As duas partes da obra sintetizam um problema fundamental do pensamento sobre as idades da vida no período, quando estas foram quase sempre influenciadas por um enquadramento mítico que as relacionava ora a uma escala de decadência ora a uma consumação temporal que aproximava seus extremos da beatitude. A autora procura acompanhar a mudança desta perspectiva que, segundo ela, acontece com o aparecimento de uma visão mais objetiva do idoso ao longo das mudanças demográficas do final da Idade Média. No entanto, as representações mentais não deixam de, à sua maneira, acompanhar este movimento no ressurgimento compensatório de outras tradições que vinculavam a velhice à sabedoria e à pureza espiritual1.
Os resultados apresentados na primeira parte da obra foram obtidos a partir da análise de um conjunto documental tão vasto quanto heterogêneo. Foram pesquisadas correspondências particulares e institucionais, cartas de doação, testamentos, legislação, literatura, regras religiosas, textos teatrais e hagiográficos de Castela e, por vezes, de um círculo hispânico mais amplo. Na segunda parte, a documentação perde o caráter exclusivamente regional. São utilizados textos que, embora tenham uma história bem documentada de difusão no território de circunscrição da pesquisa, foram produzidas em outros locais e tiveram circulação em escala européia.
Aqui as fontes também mudam de tom. Mesmo a hagiografia, que na primeira parte teve selecionados exemplares próximos de uma verdadeira biografia, na segunda parte dá lugar à documentação estereotipada da Legenda aurea, por isso mesmo bastante adequada aos imperativos da pesquisa das representações. Embora tenha sido composta na segunda metade do século XIII, a Legenda aurea, com sua hagiografia recolhida sobretudo em fontes da alta Idade Média, segundo a autora, ao lado da interpretação do legado bíblico, fornece o modelo de interpretação da velhice nas representações da alta Idade Média e da Idade Média central. Junto com a Legenda aurea tem destaque o Libro del Conoscimiento de uma anônimo franciscano espanhol e o Libro de las Maravillas del mundo de John de Mandeville, ambos de meados do século XIV.
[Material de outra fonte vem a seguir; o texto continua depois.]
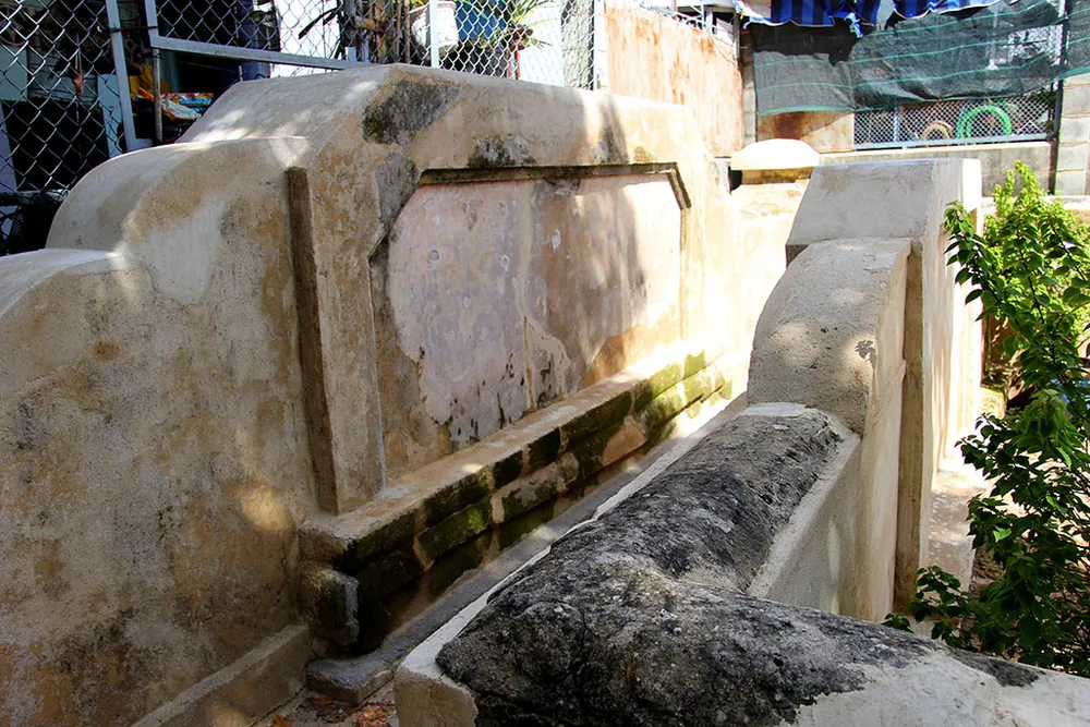 Dưới nền khu mộ còn lại những mảng đá tổ ong tồn tại hàng trăm năm nay.
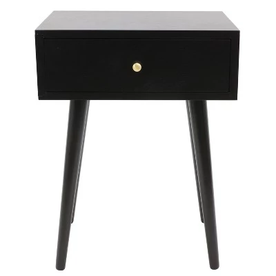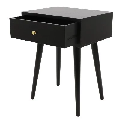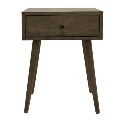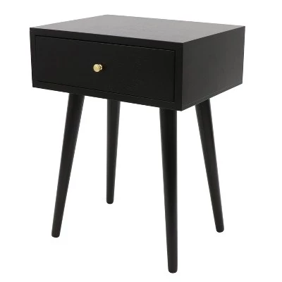 If you are looking for an affordable way to modernize your home with mid-century flair, look no further, this side table storage accent table will fill the bill! This uniquely designed side table encompasses mid-century modern design by exuding clean lines, a stylish finish, and simple round hardware. Features include hardwood solids and veneer construction, one storage drawer, and tapered legs. This product is extremely versatile and can be utilized as a side table, or accent table. Size: 17.75w 13.75d 23.5h Manufactured in China. Ships Small Parcel. Assembly Required.
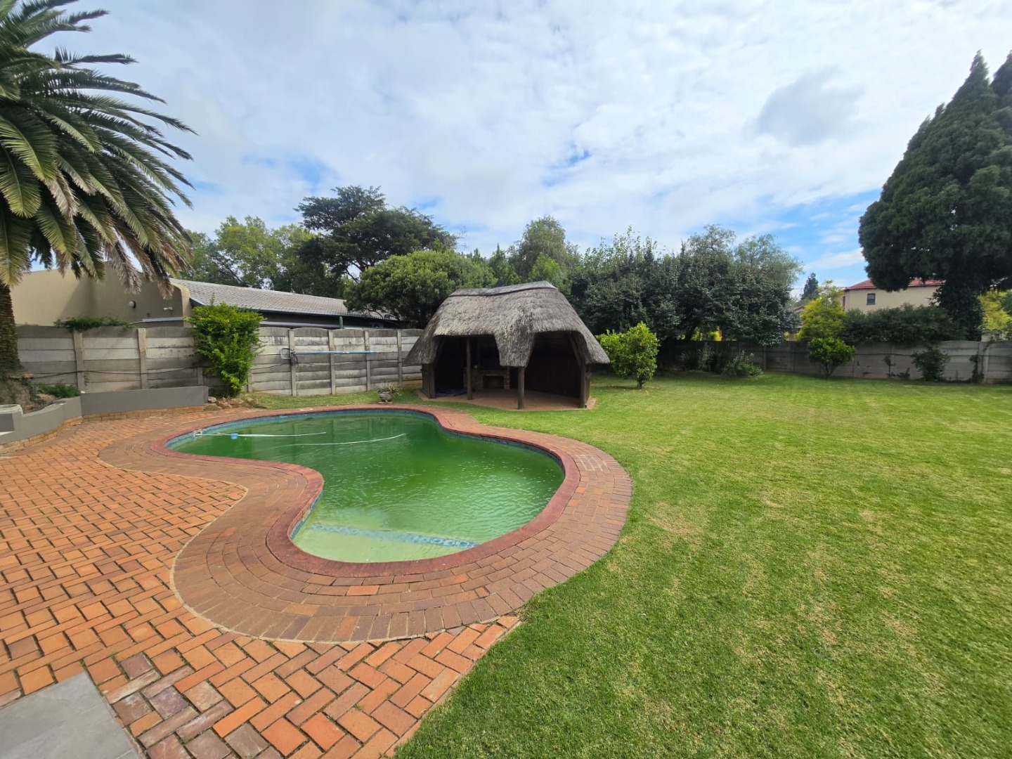 Large sliding doors lead out to a vast, manicured garden that offers endless possibilities for children, pets and outdoor enjoyment. The thatched lapa provides the perfect entertainment space for weekend braais and gatherings, while the swimming pool completes the outdoor lifestyle experience.
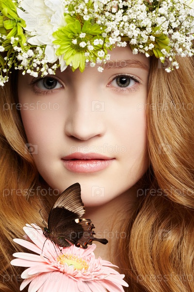 Рыжеволосая девушка с венком на голове держит бабочку на цветке
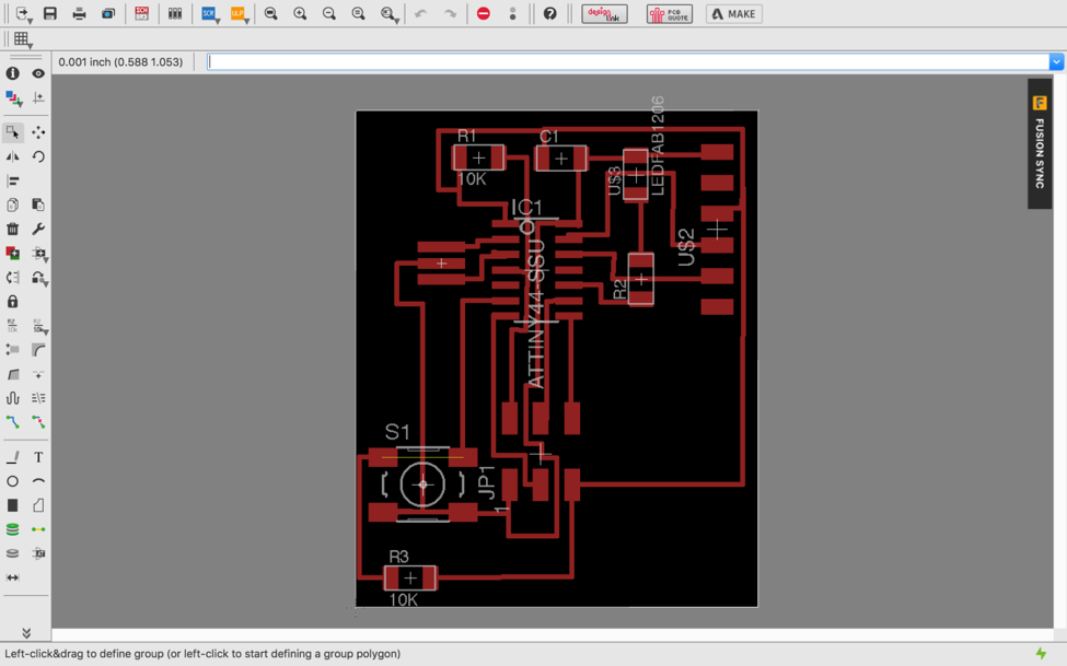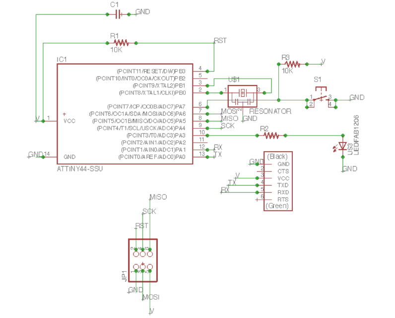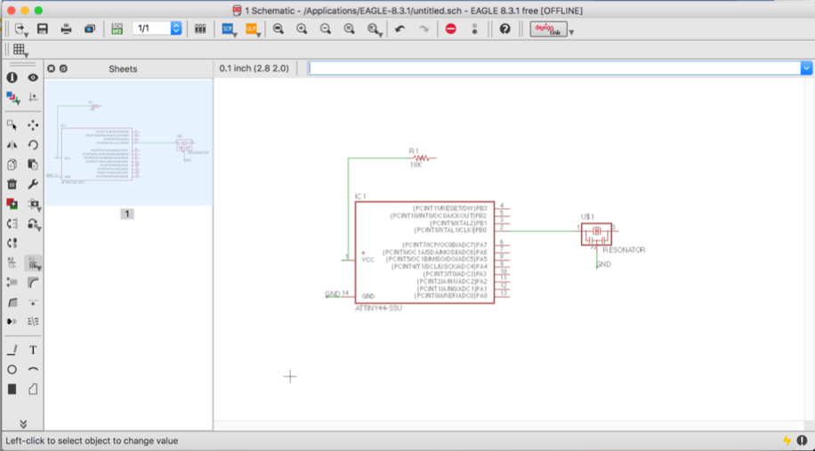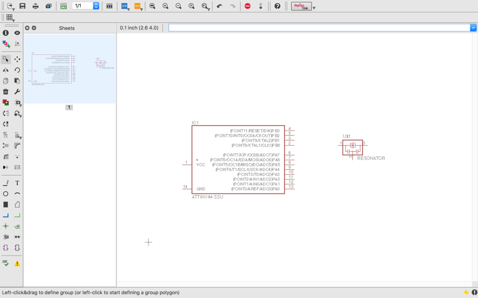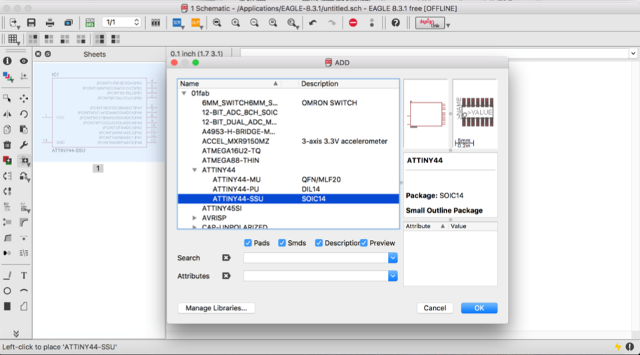 For example: Add ATTINY 44- SSU (in the fab.lbr library which is the same one I used)

Francamente motivada por sua experiência pessoal com a “velhice ditosa” de seus avós, a autora se interessa em examinar a definição da velhice ao longo do tempo e as formas de assistência e amparo previstas pelos costumes e pela legislação para o cuidado do sustento, abrigo e saúde do idoso. As dificuldades na perseguição desses objetivos não são mascaradas pela autora. A própria definição do que a sociedade entende como sendo um homem velho é muito difícil no período uma vez que não se trata de uma “questão de idade cronológica mas de apreciação subjetiva”2, não diz respeito também simplesmente à aparência, como para nós. Ademais, as posições apresentadas nas fontes são vagas e contraditórias. No entanto, a autora mostra que, ao menos nos estratos mais altos da sociedade – aqueles que as fontes contemplam com maior precisão – o afastamento das funções sociais não vinha com data marcada, definida por taxas etárias precoces como acontece hoje mas com a incapacidade trazida pela decrepitude física.
Esta situação, segundo Raquel Homet, era responsável por abusos como os deveres de guerra que eram exigidos a cavaleiros idosos. Quadro agravado por uma legislação que apenas no final da Idade Média passou a prever meios institucionais para a manutenção de idosos. Por outro lado, esta “aposentadoria” tardia também permitia, em presença das condições físicas para tal, uma vida social e econômica mais longa que preservava, ao menos por mais tempo, o idoso da “exclusão” e lhe reservava melhor consideração social. No entanto, permanece o fato de que o idoso, incapacitado para se manter, se não podia contar com o auxílio de sua família via-se em situação de indigência. A única opção ficava por conta das instituições eclesiásticas às quais a autora dedica especial atenção.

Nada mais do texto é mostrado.